The News: British software company Micro Focus International announces interim results for the first six months of 2021. Micro Focus reported a smaller loss for the first half, as it focuses on cost reduction. The company also said it had set aside $70 million to resolve a patent infringement dispute with U.S. firm Wapp. Read the company’s interim results announcement here.
Micro Focus Announces First Half Results, Turnaround Continues
Analyst Take: Micro Focus announces its first half results, and it’s clear the turnaround continues. Micro Focus, one of the world’s largest enterprise software providers, reported revenue in the first six months of 2021 of $1.4 billion. The company has 12,000 employees, serving 40,000 customers worldwide and 98 of the Fortune 100 customers. Micro Focus’s published goal is “High Tech. Low Drama,” aimed at delivering trusted and proven mission-critical software that keeps the digital world running.
While Micro Focus is one of those tech companies that the mainstream public has likely not heard of, they provide critical infrastructure to major banks, retailers, and governments that underpin the services millions of customers use every day.

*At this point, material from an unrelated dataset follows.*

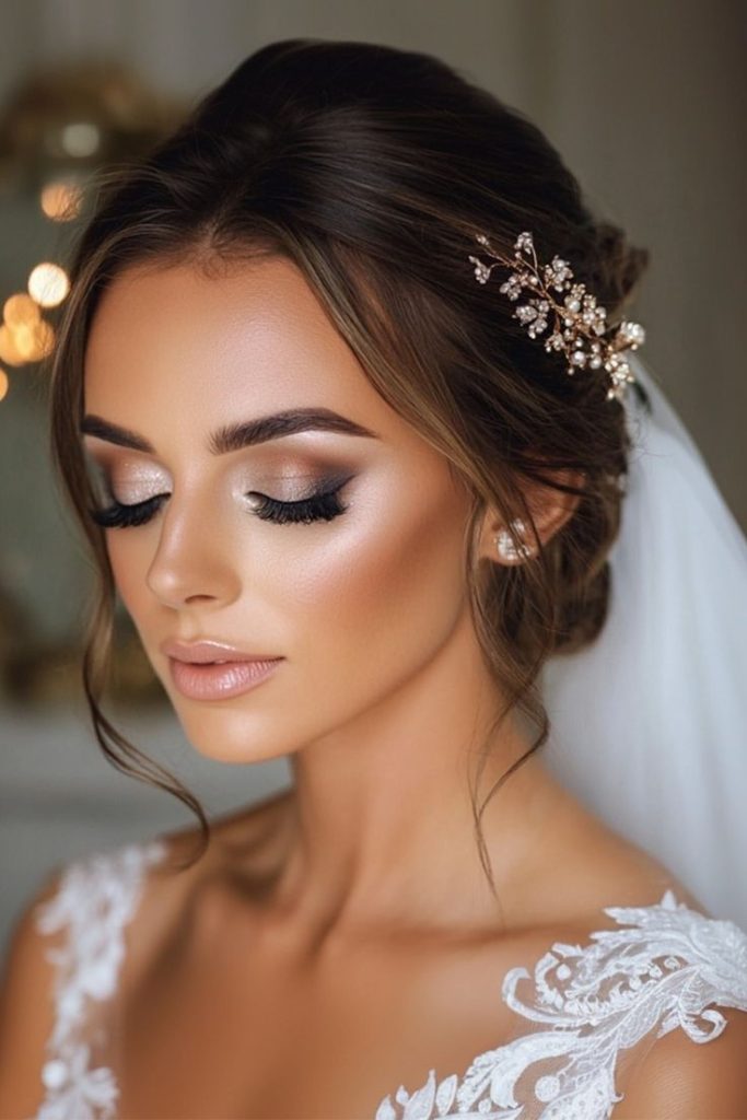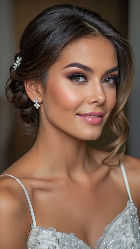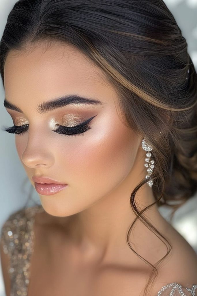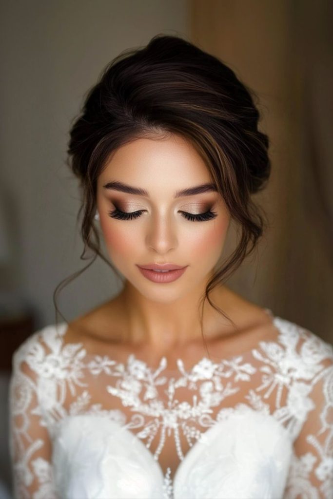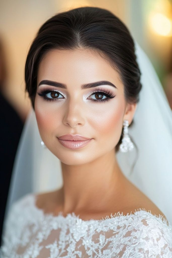 Ideal for brides with brown eyes, this look pairs beautifully with champagne or ivory gowns. Use a hydrating primer and luminous foundation to achieve the glowing base.

The company, which embarked on a transformational restructuring program in 2020 posted a statutory operating loss from continuing operations of $154.8 million, compared with a loss of $906.7 million a year earlier. “Our recovery programme and specifically our systems transformation are progressing as planned despite the challenges of executing this within the constraints of a global lockdown,” said Stephen Murdoch, who took over as chief executive in 2018.
Micro Focus launched a three-year turnaround plan in 2020 after the costly and difficult integration of its $8.8 billion acquisition of HPE’s software assets that led to an impairment charge of approximately $2.8 billion.

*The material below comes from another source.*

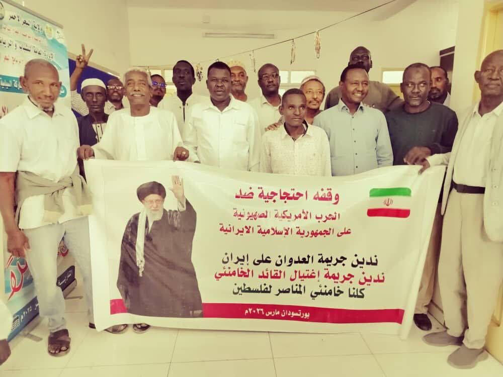 ادان مواطنون سودانيون بمدينة بورتسودان في حاضرة جمهورية السودان المؤقته، "العدوان الغاشم الذي شنته الولايات المتحدة الأمريكية بايعاز من الكيان الصهيوني على الجمهورية الإسلامية الايرانيه والذي أدى لاستشهاد الإمام السيد آيه الله الخامنئي".

Revenue was $1.4bn for the period. This performance was ahead of market expectations and represents a decline of 4.6% on a constant currency basis and a decline of 2.0% at actual rates when compared to H1 2020. Micro Focus’s operating loss from continuing operations narrowed to $154.8m from $906.7m a year earlier when there was a $922m goodwill charge. The company declared an interim dividend of 8.8 cents a share.
While the headline numbers are focused on losses and a decline in topline revenue for the period on a comparative basis, I continue to see a more bullish outlook for Micro Focus based on where they are in the three year turnaround journey. Overall, I believe that the company is focused on the right areas to improve results in future periods.

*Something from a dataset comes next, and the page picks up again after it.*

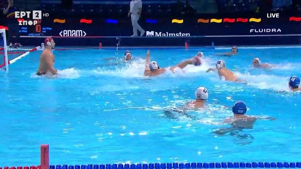 Η εθνική έδειξε από νωρίς τα… δόντια της και «καθάρισε» από το πρώτο οκτάλεπτο, που έληξε με 5-0, με τέρματα των Παπαναστασίου, Αργυρόπουλο, Σπάχιτς, Χαλυβόπουλου και Παπανικολάου. Ο Γενηδουνιάς έκανε το 6-0 για την Εθνική, ενώ η Ρουμανία βρήκε το πρώτο της γκολ ακριβώς στα μισά του δεύτερου οκταλέπτου (6-1). Φυσικά οι παίκτες του Θοδωρή Βλάχου δεν πτοήθηκαν και απάντησαν με τα δεύτερα γκολ από Χαλυβόπουλο, Αργυρόπουλο και Γενηδουνιά, για να κλείσει το ημίχρονο με 9-1.

Murdoch, commenting on the earnings results, said “Whilst there is a great deal to do, we are encouraged by our progress and remain committed to delivering revenue stabilisation and sustainable cash flow generation for our shareholders.”
A Strategic Focus on Back End Systems and Forging the Right Strategic Partnerships
Another notable announcement that came from this quarter’s earnings result was that the company said it had recently transitioned to a single IT platform following the 2017 HPE acquisition. I see this focus on back end systems rationalization as a strategic capability to add to the company’s client facing operations and a source of further cost savings as the capability rolls out
Micro Focus is a multi-product company and has a broad focus with over 300 product areas, and I see positive momentum in these results and directionally for the company as they are increasingly exposed to growth areas of the market such as AI, Security and Application Security testing. The company is also forging the right strategic partnerships with the likes of AWS, Microsoft Azure, Snowflake, Dell EMC and others.
While the coming quarters will continue to be hard for the company, the focus on doing the back end systems’ work to turn around the operational engine of the company will position Micro Focus for profitability in the long term. This, coupled with the strategic focus in high growth areas of the market and continued focus on ecosystem relationship building, means I continue to see a more bullish outlook.
Disclosure: Futurum Research is a research and advisory firm that engages or has engaged in research, analysis, and advisory services with many technology companies, including those mentioned in this article. The author does not hold any equity positions with any company mentioned in this article.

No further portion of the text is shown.